ASIA
2 menit membaca
Aktivitas vulkanik Semeru kembali meningkat, kolom abu capai 1,2 kilometer
Otoritas vulkanologi mengeluarkan sejumlah rekomendasi keselamatan bagi masyarakat. Warga diminta tidak melakukan aktivitas di sektor tenggara sepanjang Besuk Kobokan hingga radius 13 kilometer dari pusat erupsi.
Aktivitas vulkanik Semeru kembali meningkat, kolom abu capai 1,2 kilometer
Status aktivitas vulkanik Gunung Semeru saat ini masih berada di Level III atau Siaga. / Dok. Magma ESDM

Gunung Semeru di Kabupaten Lumajang, Jawa Timur, kembali mengalami serangkaian erupsi pada Jumat (8/5), dengan tinggi kolom abu mencapai hingga 1,2 kilometer di atas puncak. Aktivitas vulkanik yang masih tinggi membuat otoritas setempat memperingatkan warga untuk menjauhi sejumlah zona rawan di sekitar gunung tertinggi di Pulau Jawa tersebut.

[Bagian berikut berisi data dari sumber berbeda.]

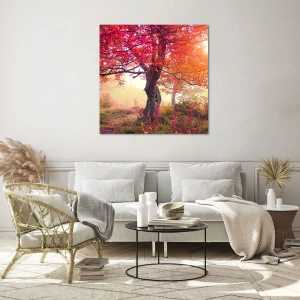 Ce tableau s'intégrera parfaitement dans un salon, une chambre ou une salle à manger, apportant calme et confort à votre intérieur. Le brouillard flottant en arrière-plan renforce l'impression de profondeur et d'harmonie, rendant la décoration incroyablement inspirante. L'impression haute qualité sur verre garantit durabilité et couleurs vives.

Berdasarkan laporan Pos Pengamatan Gunung Api (PPGA) Semeru, sejak pukul 00.00 hingga 09.00 WIB tercatat lima kali letusan. Tiga di antaranya terpantau secara visual dengan tinggi kolom abu berkisar antara 900 meter hingga 1.200 meter.

“Terjadi erupsi Gunung Semeru pada hari Jumat, 8 Mei 2026 pukul 05.21 WIB dengan tinggi kolom abu teramati 1.200 meter di atas puncak,” ujar petugas PPGA Semeru, Liswanto, dalam laporan tertulisnya.

Sebelumnya, erupsi pertama terjadi pada pukul 00.39 WIB, disusul letusan kedua pada pukul 00.52 WIB. Visual letusan pada dua kejadian awal itu tidak teramati. Semeru kembali meletus pada pukul 06.09 WIB dengan tinggi kolom abu sekitar 900 meter ke arah utara, sebelum erupsi berikutnya pada pukul 07.50 WIB memuntahkan abu setinggi sekitar 1 kilometer dengan intensitas tebal ke arah utara.

Status aktivitas vulkanik Gunung Semeru saat ini masih berada di Level III atau Siaga.

Otoritas vulkanologi mengeluarkan sejumlah rekomendasi keselamatan bagi masyarakat. Warga diminta tidak melakukan aktivitas di sektor tenggara sepanjang Besuk Kobokan hingga radius 13 kilometer dari pusat erupsi.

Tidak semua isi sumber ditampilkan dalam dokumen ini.